The Moog Rogue could be the very definition of cheap Moog bass. It's a two-oscillator analog monosynth from Moog that, while having genuine and highly desirable Moog componentry, its design cut many corners to make this Moog's most compact and inexpensive offering of its time. In fact, the design was so simplified and streamlined that Moog licensed the design to Tandy/Radioshack who built the identical Realistic Concertmate MG-1, which was even cheaper! Incidentally the Rogue is also utilized as the Moog Taurus II Bass Synth with 1-1/2 octave bass pedals instead of the Rogue's 2-1/2 octave keyboard.
The Rogue could be considered a very scaled down version of the Prodigy (which was itself a very scaled down Minimoog) offering far fewer synthesis options and flexibility. Only two waveforms per oscillator (saw and square/rectangle) and, unlike the Prodigy, the oscillators must play the exact same waveform and pitch range, for a much more limited sonic range of synth tones. You cannot mix Sawtooth with Square/Rectangle waves on the Rogue, whereas you can on the Prodigy and Liberation. Another cutback is the single envelope generator that is shared by both the Filter and the Loudness Amp, offering just Attack, Release and a switchable Sustain mode (OFF, HALF, FULL). Still, the Rogue has a decent Moog filter with an external audio input.

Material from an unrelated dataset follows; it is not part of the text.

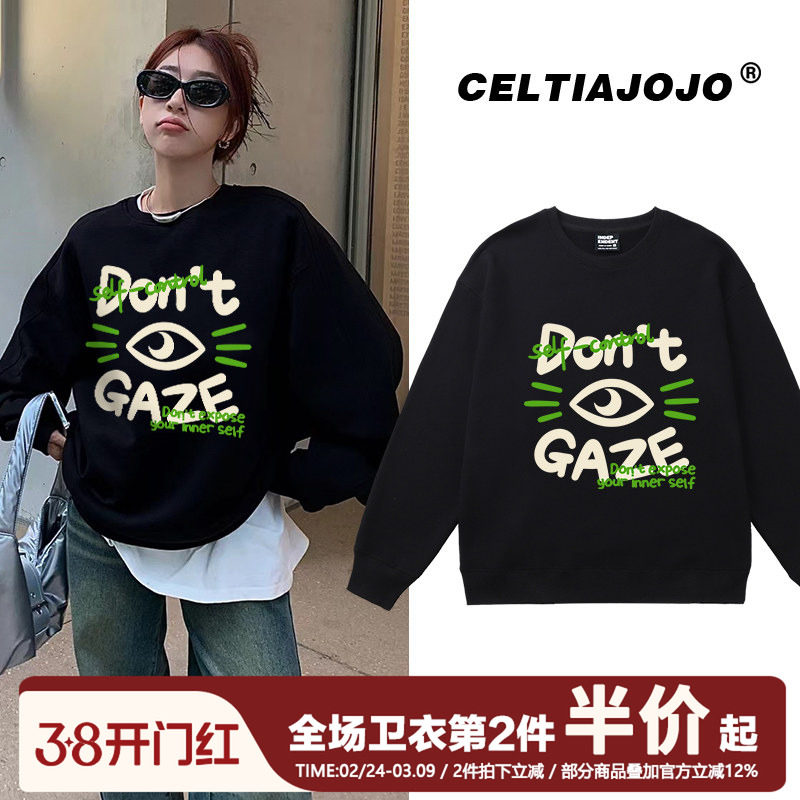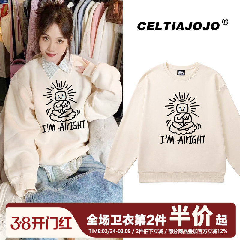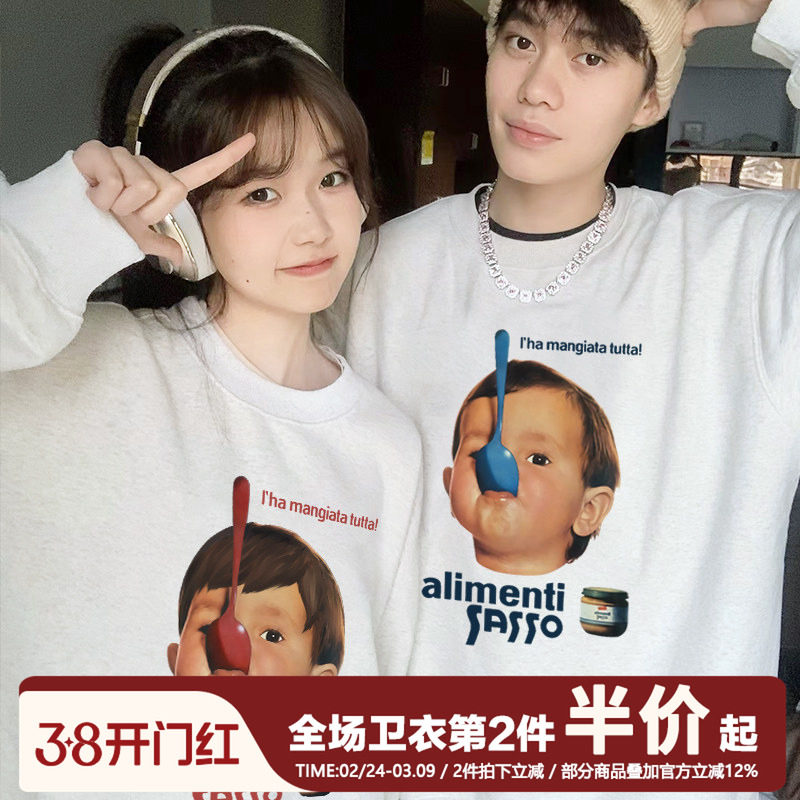 美式复古宽松ulzzang小众慵懒风圆领卫衣2026秋冬加绒加厚情侣装

Moog was definitely cutting costs with this model, making it the smallest, simplest and most basic synth in their line-up; yet still versatile and user-friendly enough to be used as the Taurus II Bass Pedal synth and an entry-level electronic tinkering Radioshack junkies music machine. To this day, the Rogue is still an inexpensive place to get good Moog sounds! It is used by Peter Gabriel, Add N To (X), 808 State, Stereolab, Mr. Oizo and KMFDM.
A surprisingly versatile machine given its limited structure, but there were inputs and ouputs at the back which enabled you to include it in effects chains as a great outboard filter, modulator or gate for any audio. I had great fun wiring into my polymoog inputs at one time - some totally amazing sounds...
The MG1 has sync on/off, no third option for contoured sync(?)
Also the MG has individual sliders for modulation VCF/VCO modulation, the Rogue has switches. The Rogue has saw, triangle and square LFOs. The MG1 has trianlge square and a random S&H type LFO. Finally the Rogue has pitch and mod wheels where the MG1 does not. They simply are not the same thing.